As the Civil War drew to a close, Americans revisited the concept of monuments and memorialization with a fresh perspective.
Cities and towns throughout Freedom’s Way National Heritage Area began constructing Civil War monuments. Many of these were statues depicting a kind of “citizen-soldier.” The Roxbury Soldier’s Monument, sculpted by Martin Milmore in 1867, was the first standing soldier monument of its kind. However, examples soon cropped up in the Heritage Area towns of Ashburnham, Townsend, and Fitchburg—the Fitchburg Civil War Memorial was also designed by Milmore.
Other monuments served a more practical purpose, such as Memorial Hall at the Lancaster Town Library (now Thayer Memorial Library) commemorating the town’s Civil War casualties. As the Soldiers’ Memorial Society in Boston put it, “Our monuments to our brothers who have served the country shall be in the hospitals, schools, and other beneficent institutions to which we can contribute in the region where they fought for us.”

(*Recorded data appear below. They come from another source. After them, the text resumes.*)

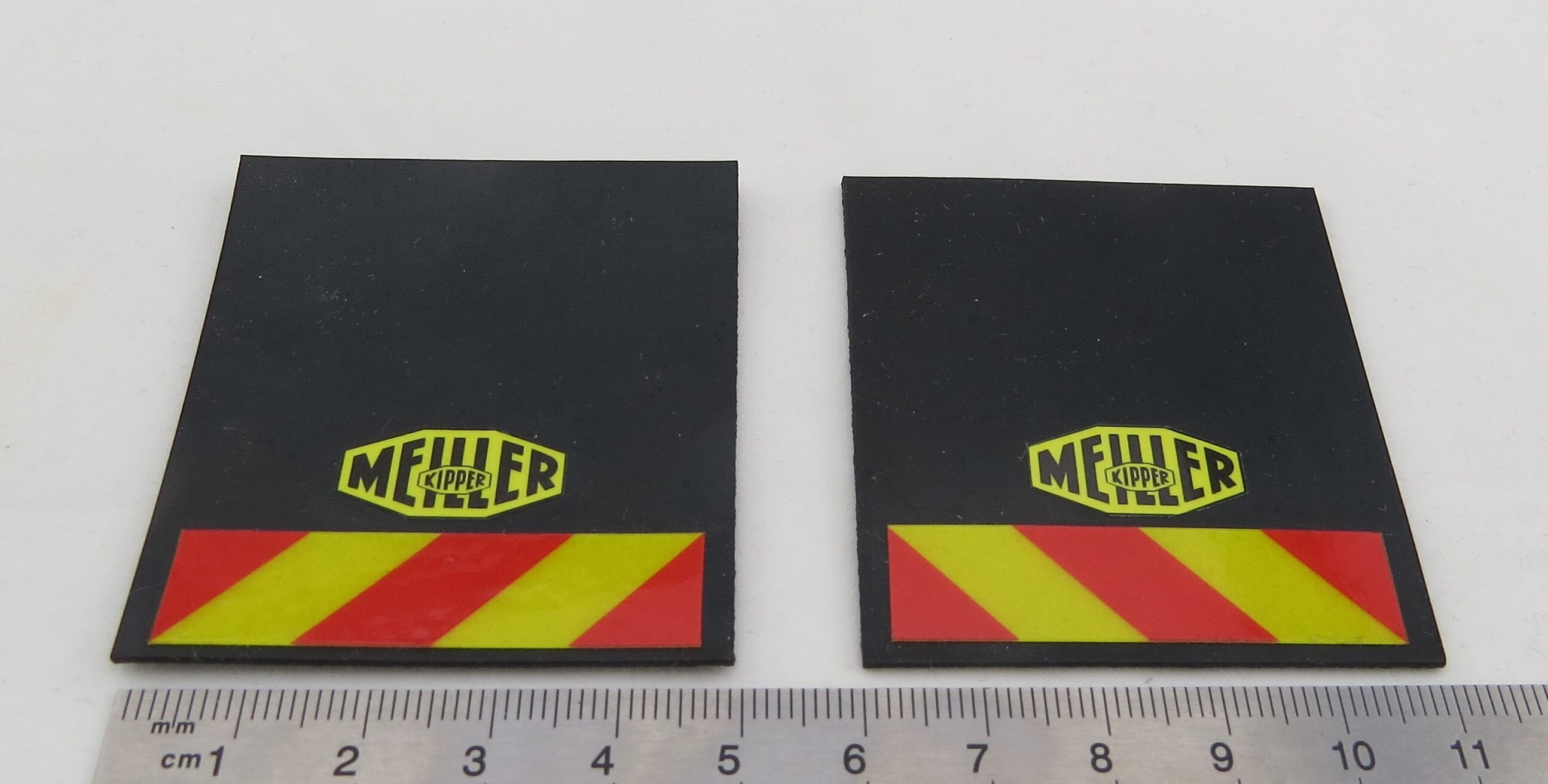 1 Paar Schmutzlappen 55 x 50mm (H x B) mit individuellem farbigem Text/Logo. Grundmaterial Gummi 1mm dick, schwarz. Die Bilder stellen nur Beispiele dar! (Tamiya-Größe). MIT ECE-A Kennzeichnung.
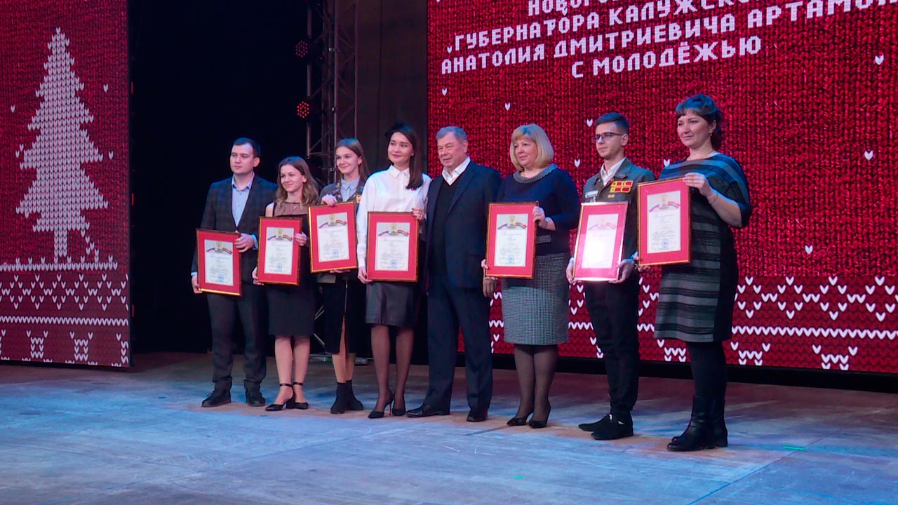 В Калужском инновационном культурном центре прошла традиционная новогодняя встреча губернатора с молодежью области. На ней назвали имена лучших студентов года. Из церемонии устроили настоящее шоу, которое помог провести известный российский музыкант Родион Газманов. Записку с именем самого активного в творчестве спрятали в большой воздушный шар. В итоге в этой номинации лучшей стала студентка калужского университета Анна Редега. Имя победителя в разделе «научная работа» на сцену принес квадрокоптер. Здесь приз достался представительнице технического ВУЗа Марии Сафроновой. Затем на сцену вышел иллюзионист, который помог узнать имя лучшей студентки в реализации социальных программ. Ей стала Татьяна Захарова. Ну а главный приз и титул студента года увез в Обнинск Иван Резник. Кроме того, участников встречи наградили благодарностями профильного министерства и губернатора. Анатолий Артамонов отметил, что в этом зале собрались только лучшие. Те, кто принимал активное участие в спортивной, общественной и научной жизни региона.
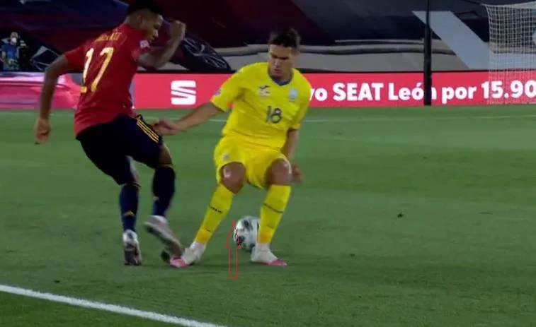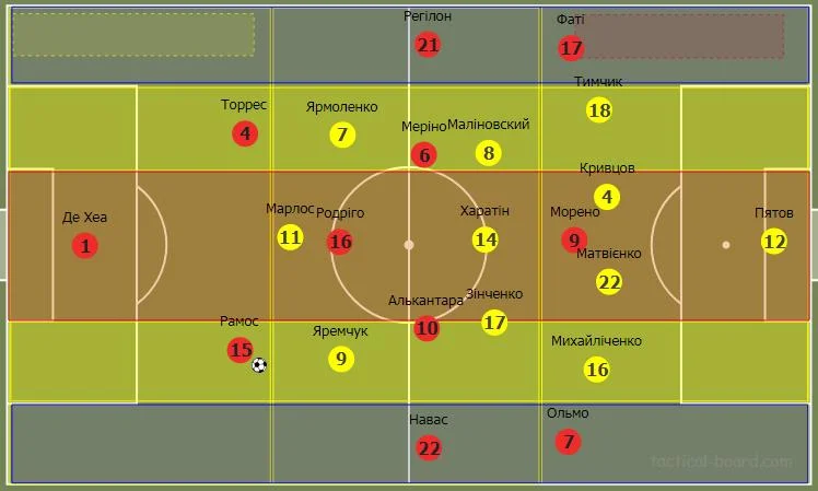 Мабуть, ще більш разюча різниця у активних діях центральних захисників. Рамос та Торрес грали високо і брали досить активну участь у переведенні м'яча з флангу на фланг. Не кажучи вже про внесок капітана збірної Іспанії у розіграшах стандартних положень. Він став автором дубля, реалізувавши пенальті, та перестрибнувши Кривцова після подачі з кутового. Обидва стандарти для Рамоса заробив Фаті. Звичайно, Серхіо штовхав Сергія, якби був VAR, то цей гол навряд чи б зарахували. Та, на це не потрібно скаржитись. У другому таймі нас врятував неоднозначний офсайд, та непризначений стовідсотковий пенальті.
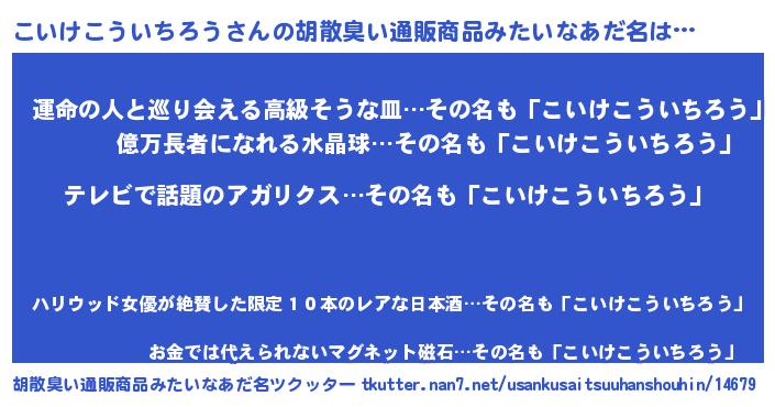| 意味不明あだ名 | 『自称こいけこういちろう』 |
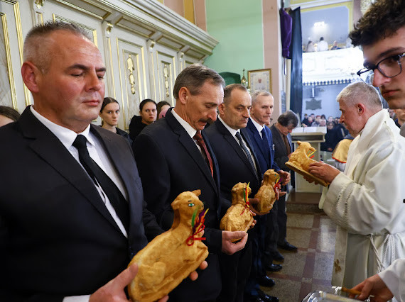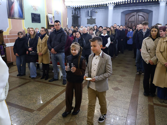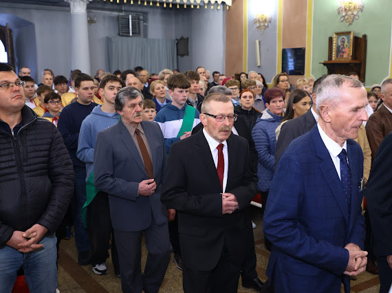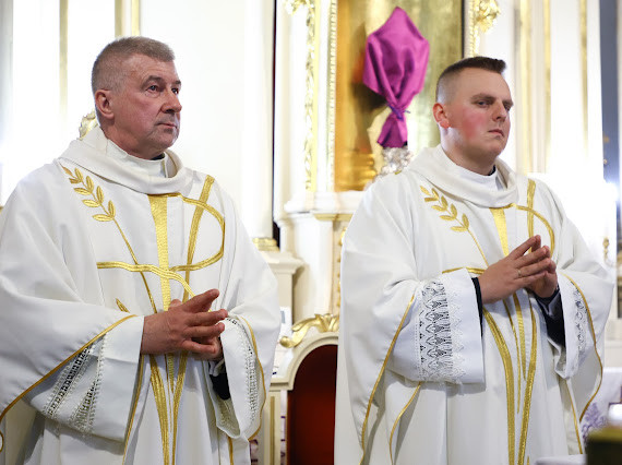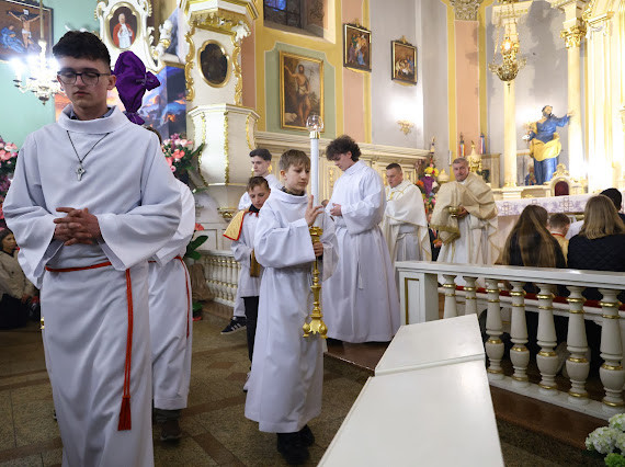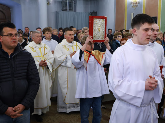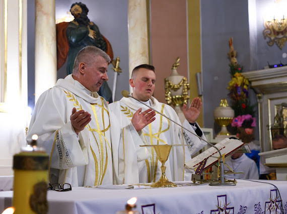 Wielki Czwartek rozpoczyna Triduum Paschalne, najważniejsze wydarzenia roku liturgicznego. To dzień wdzięczności Chrystusowi za dwa sakramenty - Eucharystię i kapłaństwo. Mszy Wieczerzy Pańskiej o godz. 18.00, przewodniczył proboszcz ks. Ireneusz Kosecki, którą sprawował z wikariuszem, ks. Piotrem Auguścikiem. Na początku Eucharystii, przedstawiciele parafii - rodzice dzieci, które w tym roku po raz pierwszy przyjmą Komunię św. złożyli naszym księżom życzenia, z okazji ich święta. Wyrazili im wdzięczność za gorliwą pracę duszpasterską, życząc dużo bożej mocy i radości w prowadzeniu ludzi do Chrystusa. W homilii ks. proboszcz przypomniał jest wielkim darem jest Eucharystia – chleb na życie wieczne - która jest dla nas, grzeszników, lekarstwem w drodze do nieba. Wielki Czwartek to także dziękczynienie za sakrament kapłaństwa. Kaznodzieja zachęcał młodzież, aby zaufała Chrystusowi i podjęła ryzyko przyjęcia daru powołania do kapłaństwa. Po homilii, miał miejsce obrzęd obmycia nóg 12 mężczyznom, przypominający gest miłości Chrystusa z Wieczernika, który umył nogi 12 Apostołom. Po zakończonej Mszy św. nastąpiło przeniesienie Najświętszego Sakramentu do ołtarza adoracji, zwanego „Ciemnicą”, którą w tym roku wykonali członkowie Akcji Katolickiej. Do godz. 22.00 trwała adoracja Jezusa Eucharystycznego.
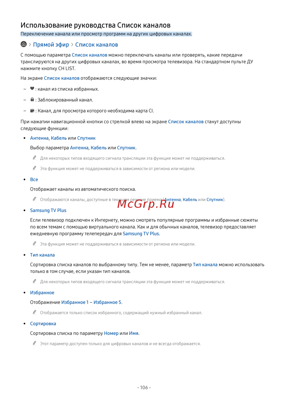 - Использование руководства список каналов p.254
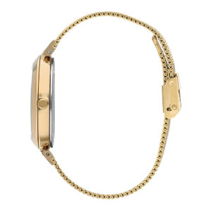 Altın renk örgü (mesh) kordonu sayesinde hem şık hem de konforlu bir kullanım sunan bu model, günlük kombinlerden özel davetlere kadar her anınıza zarafet katmak için tasarlanmıştır.
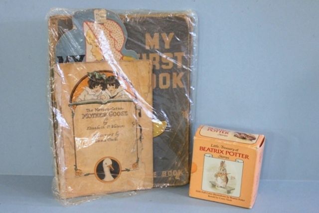 1935 fabric copy of Mother Goose; My First Book, 1936 My Coloring Book Storybook, Paper copy of Mother Goose and group set of Beatrix Potter stories 1935 fabric copy of Mother Goose; My First Book, 1936 My Coloring Book Storybook, Paper copy of Mother Goose and group set of Beatrix Potter stories
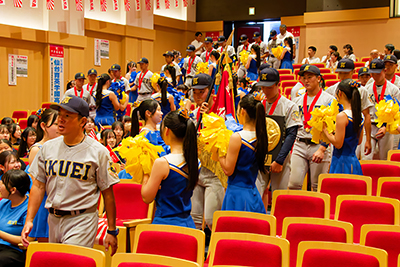 ▲7月29日、「第107回全国高等学校野球選手権大会 宮城大会優勝報告会並びに壮行会」が宮城野校舎で行われました。硬式野球部、チアリーディング部、吹奏楽部、生徒会執行部と、保護者の方が集まりました。
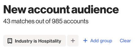 2. Use filters to find the segment of accounts you want to save as an audience. Note that accounts who meet this filter criteria will be added to the audience immediately and anyone that matches in the future will also enter.
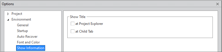 1 | Show Title | Controls whether to display title text: • at Project Explorer: Displays the title text information in FDL on Project Explorer • at Child Tab : Displays the title text information in FDL on the tab of the editing screen |
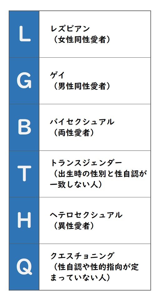 これに多数派であるH(ヘテロセクシュアル、異性愛者)とQ(クエスチョニング、性自認や性的指向が定まっていない人)を併せ、性の多様性を表します。
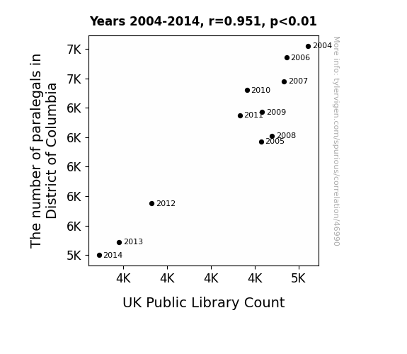 This means 90.4% of the change in the one variable (i.e., UK Public Library Count) is predictable based on the change in the other (i.e., The number of paralegals in District of Columbia) over the 11 years from 2004 through 2014.
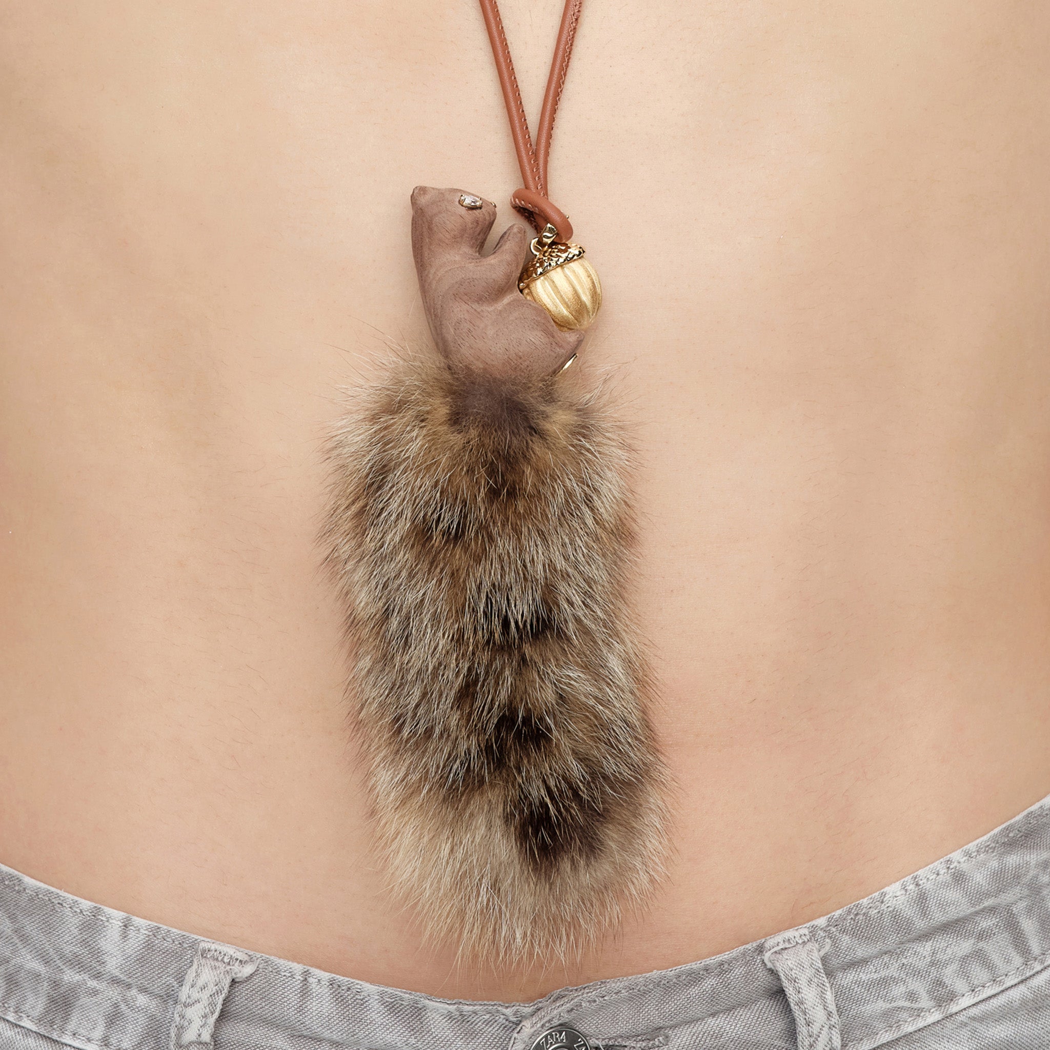 Paradise / Wooden Squirrel Plush Tail Pearl Necklace
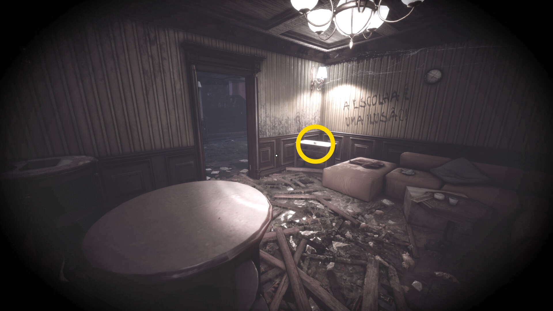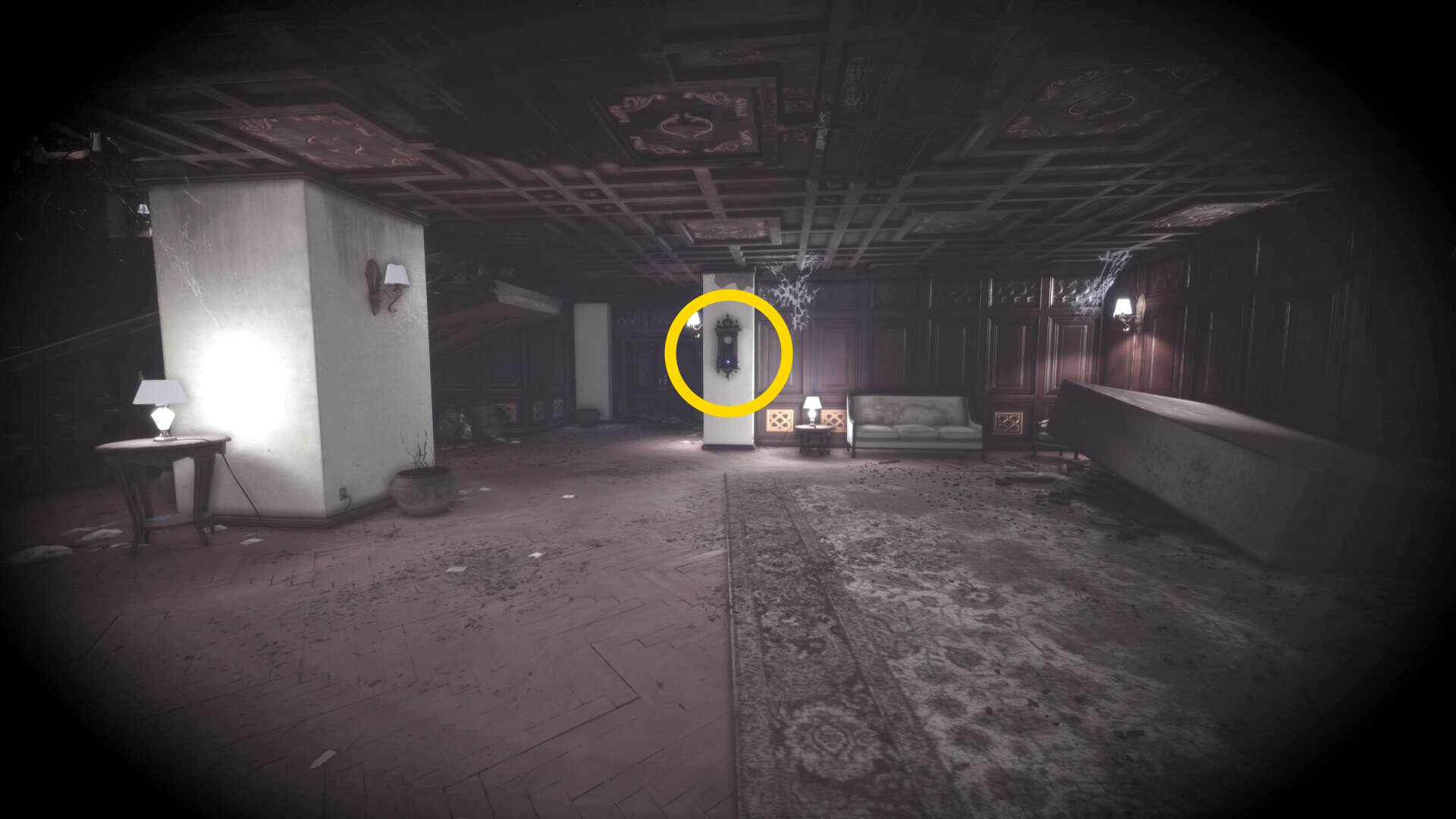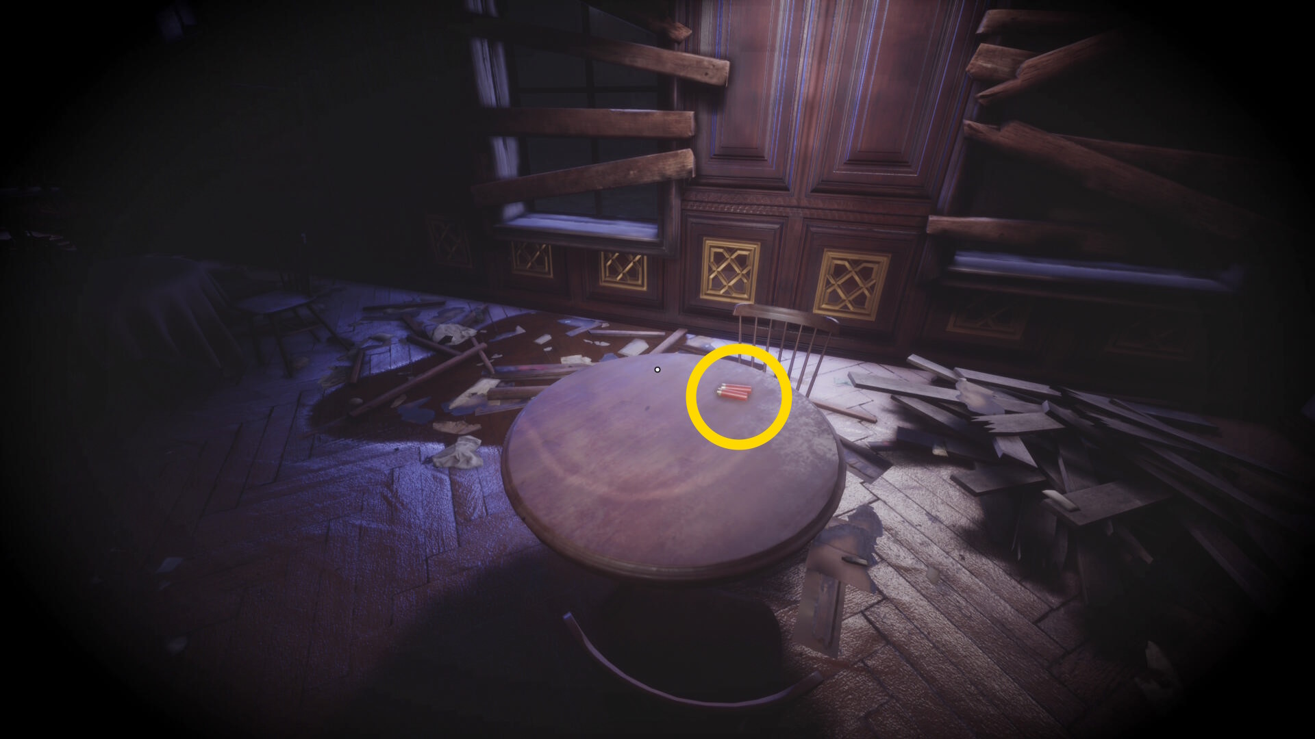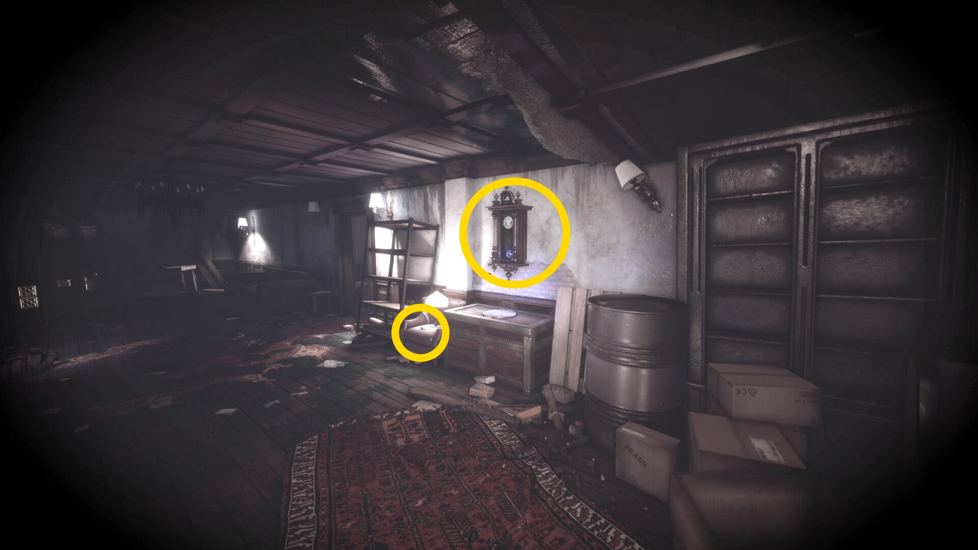 • 壁掛け時計の右にある丸机に ピストル弾薬 あり

The end of the Civil War also conjured a surge of monuments to the American Revolution and its participants. During this period, the last Revolutionary War veterans were dying. It’s likely that these monuments were an homage to this fading generation; however, revolutionary ideals were also a unifying salve for a war-torn and divided nation.
In his first inaugural address, a mere five weeks before the first battle of the Civil War, President Abraham Lincoln stated: “The mystic chords of memory, stretching from every battlefield and every patriot grave, to every living heart and hearth stone, all over this broad land, will yet swell the chorus of the Union, when again touched, as surely they will be, by the better angels of our nature.” By the war’s end four years later, Americans seemed ready to embrace those patriotic ideals once again.
Monuments erected after the Civil War took a more holistic approach, often honoring veterans from multiple wars. Philosophical shifts also became apparent, honoring the dead of the “opposing force” as in the case of the Grave of British Soldiers near Concord’s North Bridge, or alluding sympathetically to the atrocities of war.
These monuments serve as a poignant reminder that although Reconstruction had begun, post-Civil War America would never be the same.